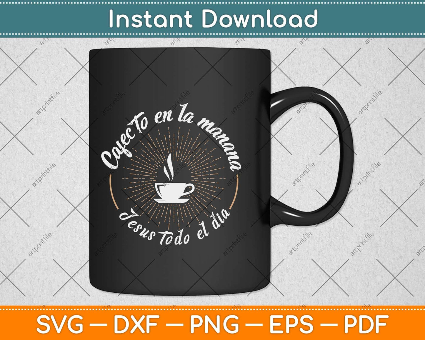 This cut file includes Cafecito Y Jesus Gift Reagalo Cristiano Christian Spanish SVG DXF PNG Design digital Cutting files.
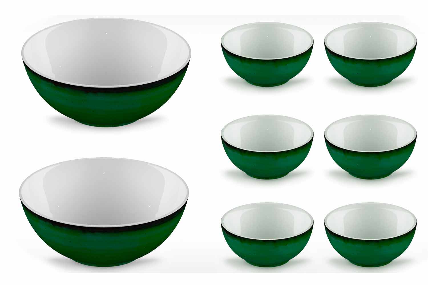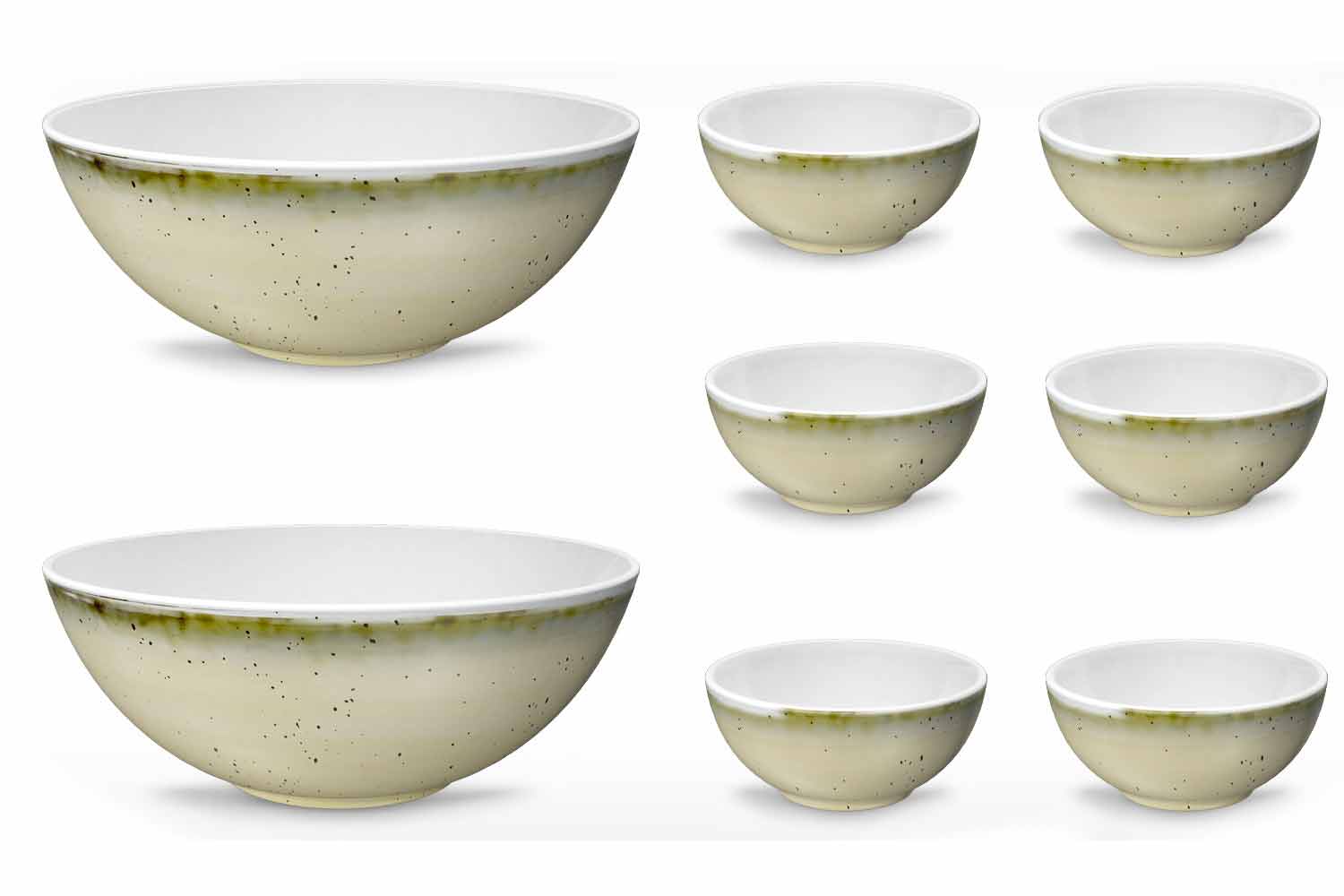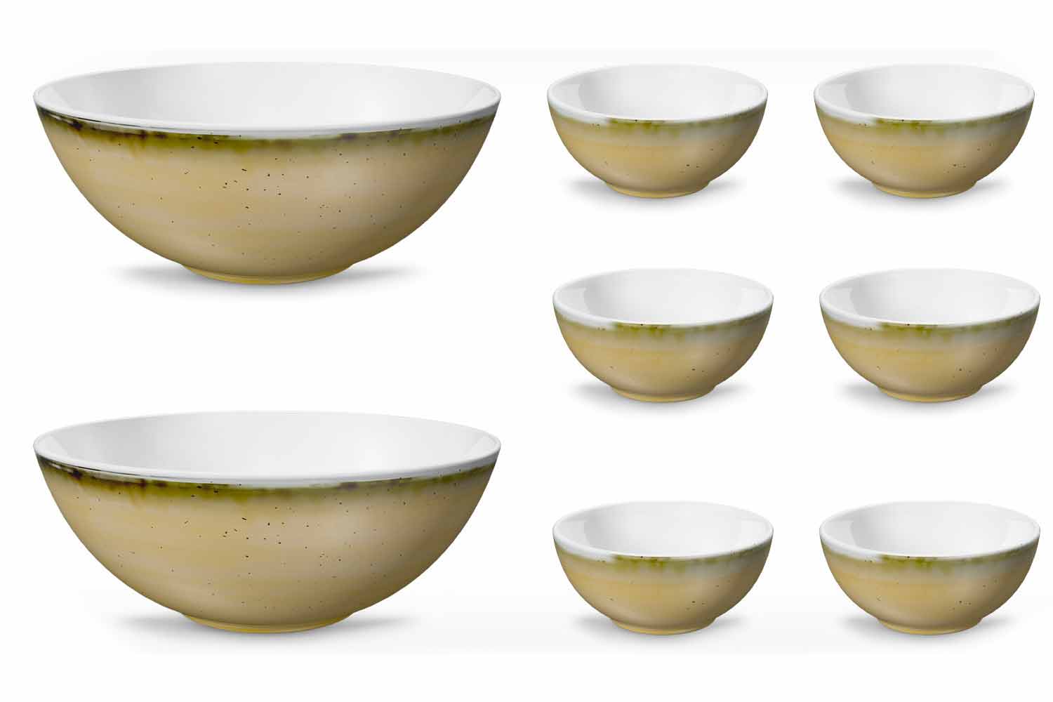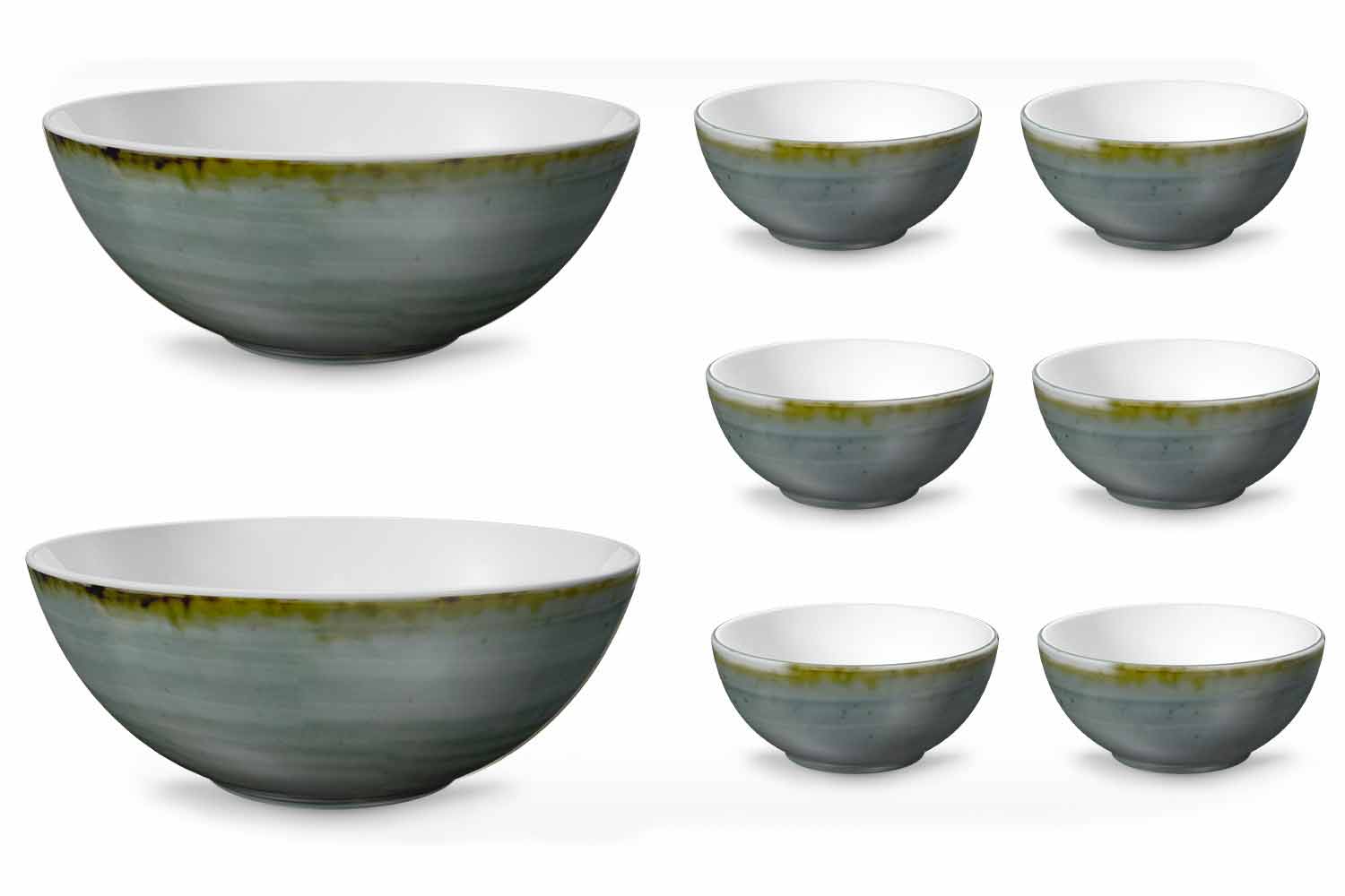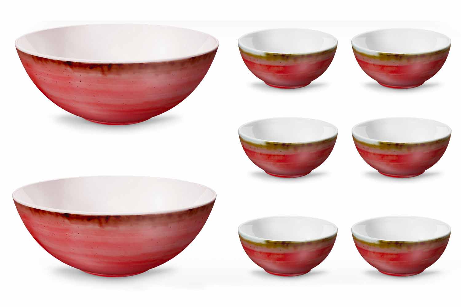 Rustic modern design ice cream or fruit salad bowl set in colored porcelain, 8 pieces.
========================================================================
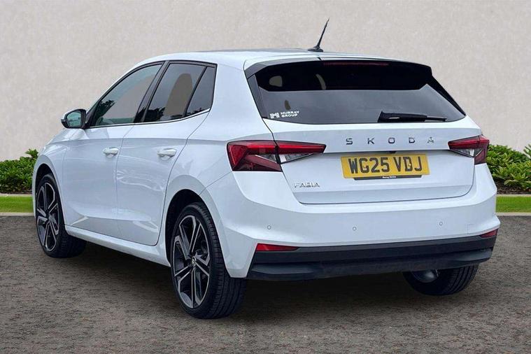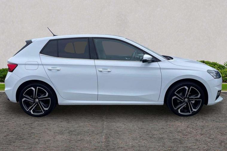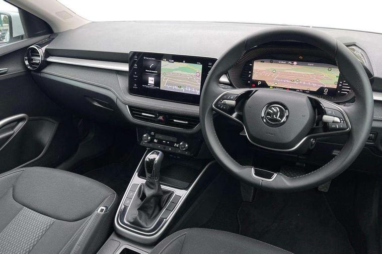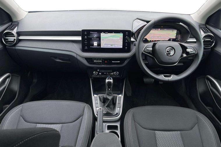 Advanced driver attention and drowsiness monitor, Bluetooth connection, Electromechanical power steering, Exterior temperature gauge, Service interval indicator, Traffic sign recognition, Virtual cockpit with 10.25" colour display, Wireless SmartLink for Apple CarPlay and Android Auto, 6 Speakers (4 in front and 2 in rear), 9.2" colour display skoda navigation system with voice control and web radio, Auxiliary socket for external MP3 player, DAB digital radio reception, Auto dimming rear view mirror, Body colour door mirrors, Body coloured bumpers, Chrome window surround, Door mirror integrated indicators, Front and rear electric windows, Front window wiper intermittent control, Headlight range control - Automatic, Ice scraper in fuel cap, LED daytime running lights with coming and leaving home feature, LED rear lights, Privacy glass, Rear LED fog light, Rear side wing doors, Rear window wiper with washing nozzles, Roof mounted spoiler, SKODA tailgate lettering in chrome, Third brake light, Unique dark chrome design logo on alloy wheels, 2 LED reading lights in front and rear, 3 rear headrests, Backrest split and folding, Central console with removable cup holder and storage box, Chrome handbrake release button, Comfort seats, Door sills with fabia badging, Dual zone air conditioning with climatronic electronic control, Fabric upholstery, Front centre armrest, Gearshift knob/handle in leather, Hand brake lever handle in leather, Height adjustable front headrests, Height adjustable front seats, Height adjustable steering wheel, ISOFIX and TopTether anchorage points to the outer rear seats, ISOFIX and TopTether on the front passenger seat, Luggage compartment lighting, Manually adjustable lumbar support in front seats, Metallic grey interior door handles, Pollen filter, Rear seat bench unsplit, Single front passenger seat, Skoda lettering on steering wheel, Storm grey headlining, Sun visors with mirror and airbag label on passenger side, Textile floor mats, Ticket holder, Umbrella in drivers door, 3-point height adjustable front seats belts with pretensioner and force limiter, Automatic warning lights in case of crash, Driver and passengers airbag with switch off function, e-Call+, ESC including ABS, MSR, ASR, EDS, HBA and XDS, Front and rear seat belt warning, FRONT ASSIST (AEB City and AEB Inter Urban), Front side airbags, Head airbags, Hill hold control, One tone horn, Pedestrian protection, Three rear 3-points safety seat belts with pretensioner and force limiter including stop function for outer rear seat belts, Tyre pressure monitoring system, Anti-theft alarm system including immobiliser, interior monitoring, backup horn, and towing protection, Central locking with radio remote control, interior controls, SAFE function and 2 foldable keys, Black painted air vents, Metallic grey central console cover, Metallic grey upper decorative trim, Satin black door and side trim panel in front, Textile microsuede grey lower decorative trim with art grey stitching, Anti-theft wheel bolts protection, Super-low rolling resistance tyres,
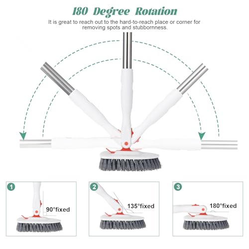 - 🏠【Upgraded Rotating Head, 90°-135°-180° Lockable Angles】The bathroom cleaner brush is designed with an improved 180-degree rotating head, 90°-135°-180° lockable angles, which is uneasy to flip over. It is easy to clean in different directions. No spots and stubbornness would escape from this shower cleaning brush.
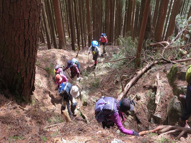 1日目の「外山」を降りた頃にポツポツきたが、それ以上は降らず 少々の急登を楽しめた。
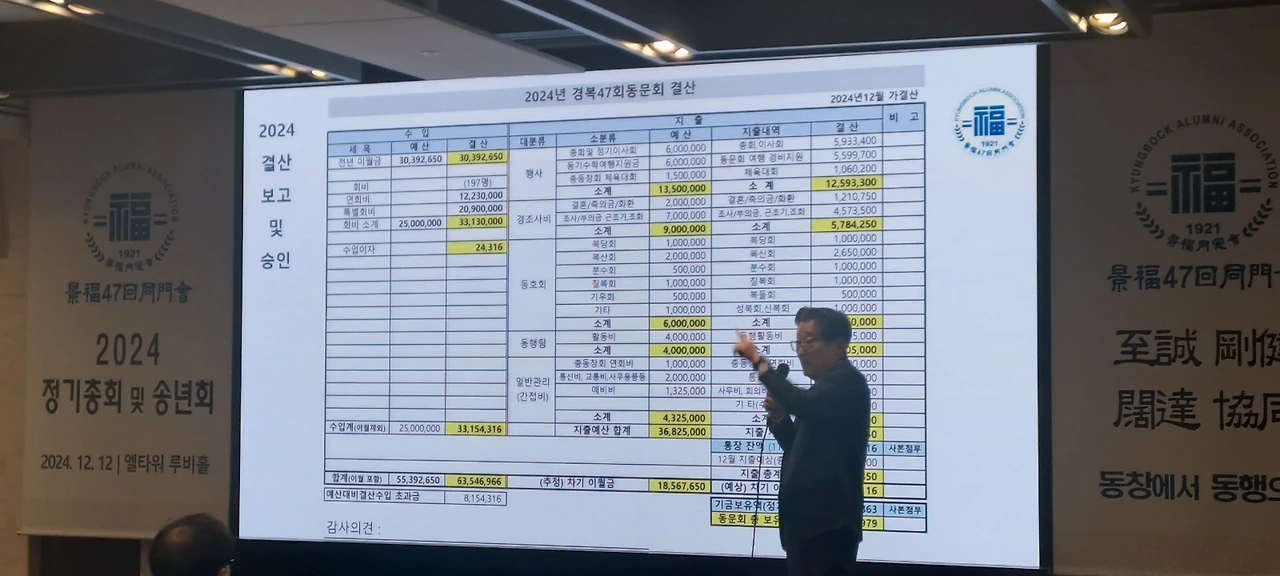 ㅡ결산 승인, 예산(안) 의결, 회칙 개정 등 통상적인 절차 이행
========================================================================
• EXERCISE BRIEF: The reply should hold the entries above from the line with "1日目の「外山」を降りた頃に" to the line with "ㅡ결산 승인, 예산(안) 의결, 회칙 개정 등 통상적인 절차 이행", duplicated exactly, pictures excluded.

• ANSWER FOR THIS EXERCISE:
 1日目の「外山」を降りた頃にポツポツきたが、それ以上は降らず 少々の急登を楽しめた。
 ㅡ결산 승인, 예산(안) 의결, 회칙 개정 등 통상적인 절차 이행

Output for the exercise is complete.